Asset disposal under scheme of arrangement

Asset disposal under scheme of arrangement

Section 97A of Income Tax Ordinance, 2001 stated no gain or loss shall be taken to arise on disposal of asset from one company to another company.

The Federal Board of Revenue (FBR) issued the Income Tax Ordinance, 2001 updated up to June 30, 2021. The Ordinance incorporated amendments brought through Finance Act, 2021.

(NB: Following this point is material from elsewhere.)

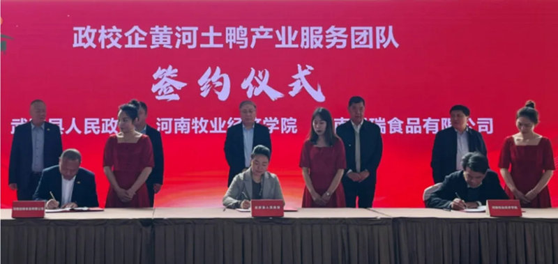 武陟县政府副县长苏瑞君、河南牧业经济学院副校长杨国宇、2024年澳门原料免费大全副总经理邱国平为政校企三方共建“黄河土鸭”产业服务团队签约。三方将共同构建“政府+产业服务团队+龙头企业”服务合作模式,推动产科教融合发展。同时,河南牧业经济学院将授予我们“百名专家助百村(企)工程服务基地”和“博士工作站”两块响亮的牌子,由12名专业博士为集团提供的技术创新支持。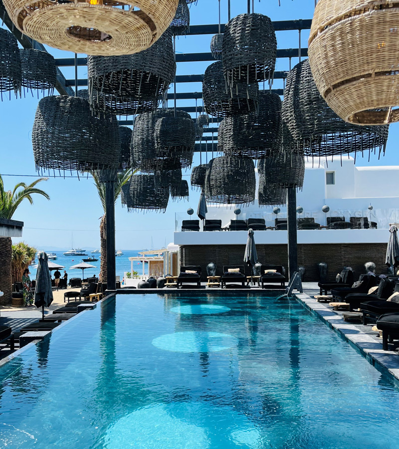 “O”, as it is being referred to, is a supremely stylish, luxury beachfront resort, at the heart of all that is great about Mykonos. Direct and private access to the fine sand of Ornos Bay, famously close to Mykonos town, sheltered from all but a gentle breeze on the ‘island of winds’. Guests will love being a step away from some of the best waterfront bars, restaurants and water-sports concessions.

Following is the text of Section 97A of the Income Tax Ordinance, 2001:

97A. Disposal of asset under a scheme of arrangement and reconstruction.—(1) No gain or loss shall be taken to arise on disposal of asset from one company (hereinafter referred to as the “transferor”) to another company (hereinafter referred to as the “transferee”) by virtue of operation of a Scheme of Arrangement and Reconstruction under sections 282L and 284 to 287 of the Companies Act, 2017 (XIX of 2017) or section 48 of the Banking Companies Ordinance, 1962 (LVII of 1962), if the following conditions are satisfied, namely:—

(a) the transferee must undertake to discharge any liability in respect of the asset acquired;

(b) any liability in respect of the asset must not exceed the transferor’s cost of the asset at the time of the disposal;

(c) the transferee must not be exempt from tax for the tax year in which the disposal takes place; and

(d) scheme is approved by the High Court, State Bank of Pakistan or Securities and Exchange Commission of Pakistan, as the case may be, on or after first day of July, 2007.

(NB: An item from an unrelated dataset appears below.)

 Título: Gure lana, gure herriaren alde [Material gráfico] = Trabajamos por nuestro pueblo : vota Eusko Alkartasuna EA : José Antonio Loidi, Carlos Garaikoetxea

(2) No gain or loss shall be taken to arise on issue, cancellation, exchange or receipt of shares as a result of Scheme of Arrangement and Reconstruction under sections 282L and 284 to 287 of the Companies Act, 2017 (XIX of 2017) or section 48 of the Banking Companies Ordinance, 1962 (LVII of 1962) and approved by:—

(a) the High Court;

(b) State Bank of Pakistan; or

(c) Securities and Exchange Commission of Pakistan, as the case may be, on or after first day of July, 2007.

(3) Where sub-section (1) applies—

(a) the asset acquired by the transferee shall be treated as having the same character as it had in the hands of the transferor;

(b) the transferee’s cost in respect of acquisition of the asset shall be—

(i) in the case of a depreciable asset or amortised intangible, the written down value of the asset or intangible immediately before the disposal;

(ii) in the case of stock-in-trade valued for tax purposes under sub-section (4) of section 35, that value; or

(iii) in any other case, the transferor’s cost at the time of the disposal;

(c) if, immediately before the disposal, the transferor has deductions allowed under sections 22, 23 and 24 in respect of the asset transferred which have not been set off against the transferor’s income, the amount not set off shall be added to the deduction allowed under those sections to the transferee in the tax year in which the transfer is made.

(4) In determining whether the transferor’s deductions under sections 22, 23 or 24 in respect of the asset transferred have been set off against income for the purposes of clause (c) of sub-section (2), those deductions shall be taken into account last.

(5) Where sub-section (2) applies and the shares issued vested by virtue of the Scheme of Arrangement and Reconstruction under sections 282L and 284 to 287 of the Companies Act, 2017 (XIX of 2017) or section 48 of the Banking Companies Ordinance, 1962 (LVII of 1962) and approved by the Court or State Bank of Pakistan or Securities and Exchange Commission of Pakistan as the case may be, are disposed of, the cost of shares shall be the cost prior to the operation of the said scheme.

(Disclaimer: The text of above section is only for information. Team PkRevenue.com makes all efforts to provide the correct version of the text. However, the team PkRevenue.com is not responsible for any error or omission.)